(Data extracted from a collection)
● ● ● ● ●

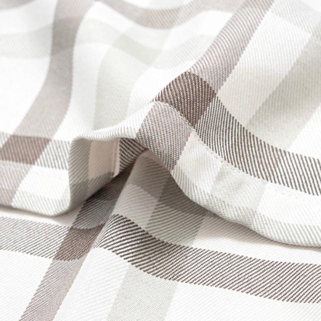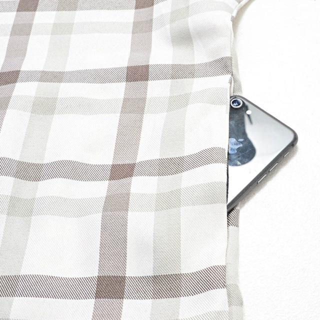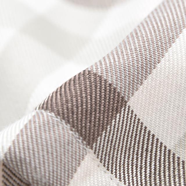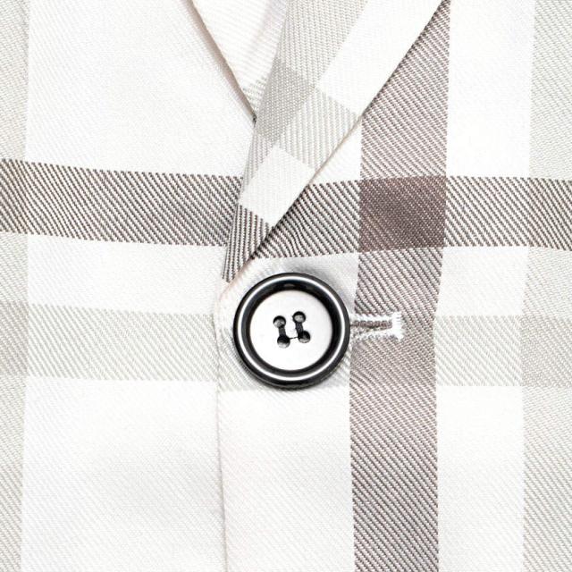襟もとは今年のトレンドでもあるラペル襟を採用し全面にチェック柄を施した存在感のある一着。
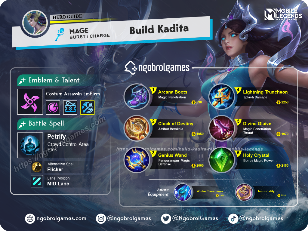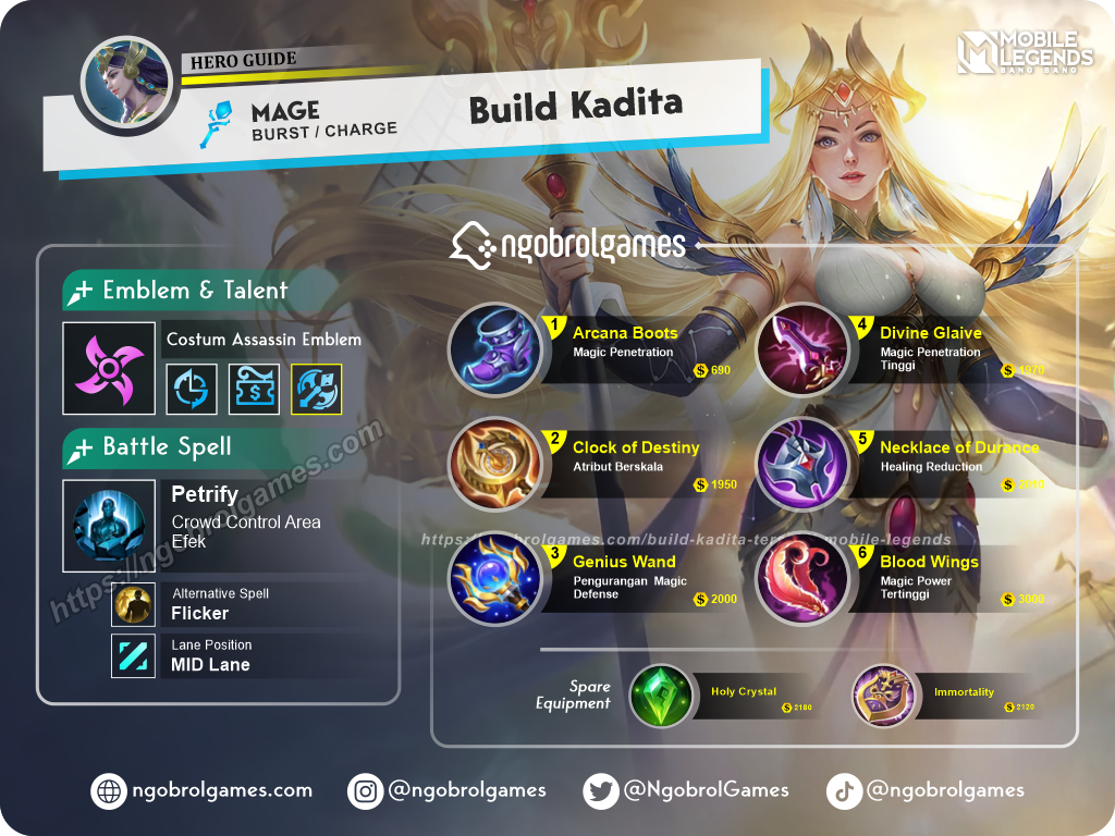 Build Kadita yang sering dipakai oleh top global 1-10 teratas pada season ini. build ini menduduki peringkat teratas sebagai build Kadita paling populer dan sering digunakan di mode ranked oleh pro player.
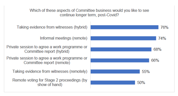 1. While the net results were positive, there was some frustration with issues such as not being in the same room as those that were giving evidence and the reduction of personal interaction between committee members and witnesses. There was also a feeling that committee meetings were more stilted and it was harder for Members to ask supplementary questions.
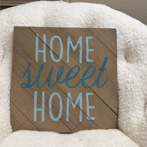 Rustic wooden sign with 'Home Sweet Home' in blue letters. Perfect for home decor.
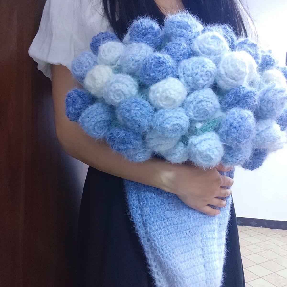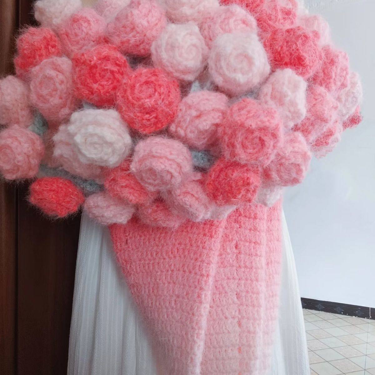魔法球长绒渐变玫瑰花束毯子丁达尔渐变羊毛线diy自制送女友礼物
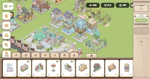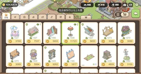 点击“多选”按钮,可以选中多个装饰集体移动,甚至连地砖也可以一并转移,非常适合范围布局。旁边的“消除”按钮,可以将多个装饰合并消除,一步到位的便利操作。
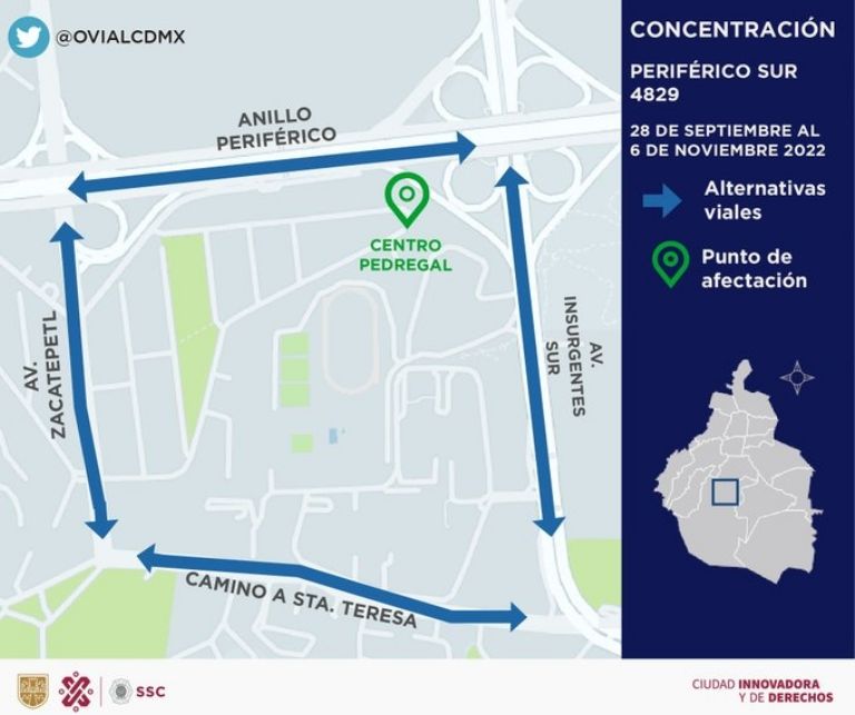 - A partir de las 08:00 horas considera concentración de manifestantes hasta el 06 de noviembre en Anillo Periférico #4829, col. Parques del Pedregal, alcaldía Tlalpan, por evento. La alternativa vial es:
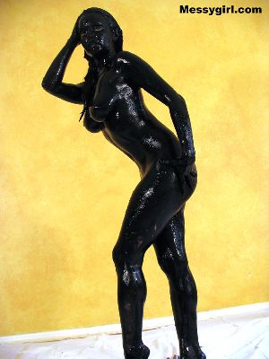 Sexy Liz is covered head to toe in black grease paint!
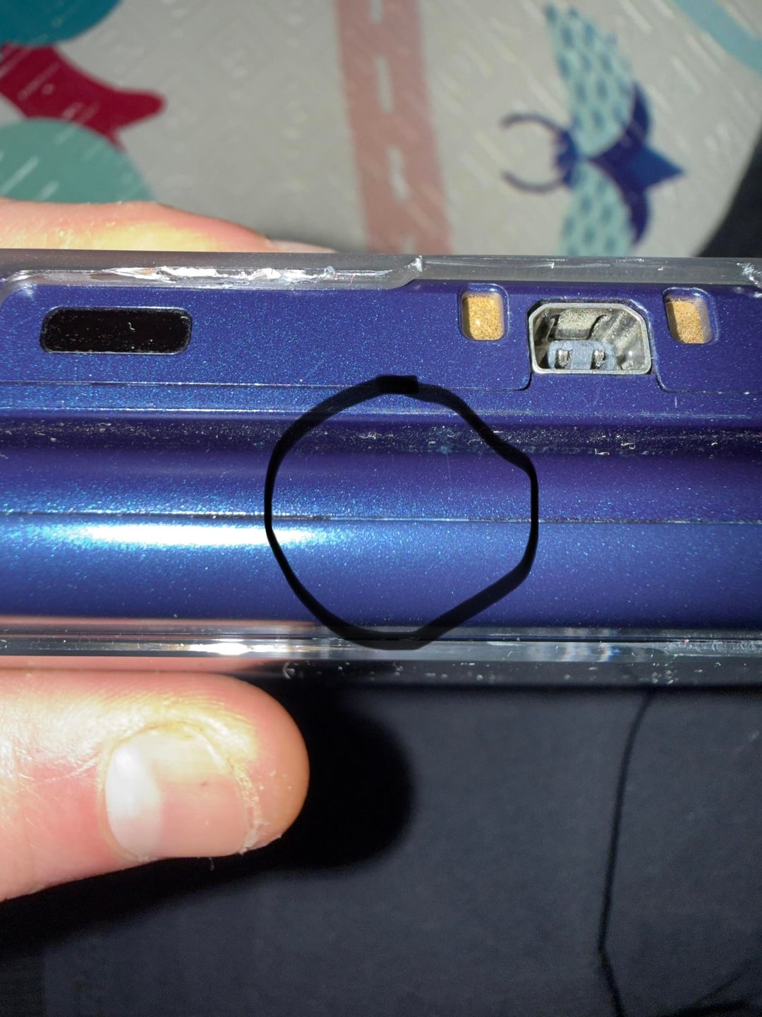 Hello guys, do you know what this is inside the hinge? I circled it in a photo where it can be seen more closely, thanks! I just bought this N3DS and it’s in mint condition, but yesterday while playing, when I closed it the light hit it and I noticed that. Without direct light you can’t really see it…
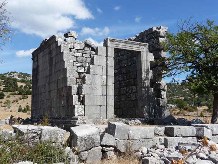 Die Stadt liegt in einem relativ ebenen, weiten Hochtal. Gut erhalten sind noch die vier Kaisertempel des 2./3. Jh. Einer der Tempel ist durch eine Inschrift belegt für die Kaiser und Zeus Sarapis, der zweite für die Kaiser und Aphrodite, der dritte nur für die Kaiser, der vierte durch Münzen belegt für Trajan. Weiter ist ein römisches Forum mit einer großen Schautreppe sowie das Theater erhalten. Ferner zwei spätantike dreischiffige Basiliken. Quelle: Wikipedia |

● ● ● ● ●

> _INSTRUCTIONS FOR THE TASK_
Above are records; repeat only the lines from the line with "魔法球长绒渐变玫瑰花束毯子丁达尔渐变羊毛线diy自制送女友礼物" through the line with "Hello guys, do", and leave pictures out.

> _TASK ANSWER_
魔法球长绒渐变玫瑰花束毯子丁达尔渐变羊毛线diy自制送女友礼物
 点击“多选”按钮,可以选中多个装饰集体移动,甚至连地砖也可以一并转移,非常适合范围布局。旁边的“消除”按钮,可以将多个装饰合并消除,一步到位的便利操作。
 - A partir de las 08:00 horas considera concentración de manifestantes hasta el 06 de noviembre en Anillo Periférico #4829, col. Parques del Pedregal, alcaldía Tlalpan, por evento. La alternativa vial es:
 Sexy Liz is covered head to toe in black grease paint!
 Hello guys, do you know what this is inside the hinge? I circled it in a photo where it can be seen more closely, thanks! I just bought this N3DS and it’s in mint condition, but yesterday while playing, when I closed it the light hit it and I noticed that. Without direct light you can’t really see it…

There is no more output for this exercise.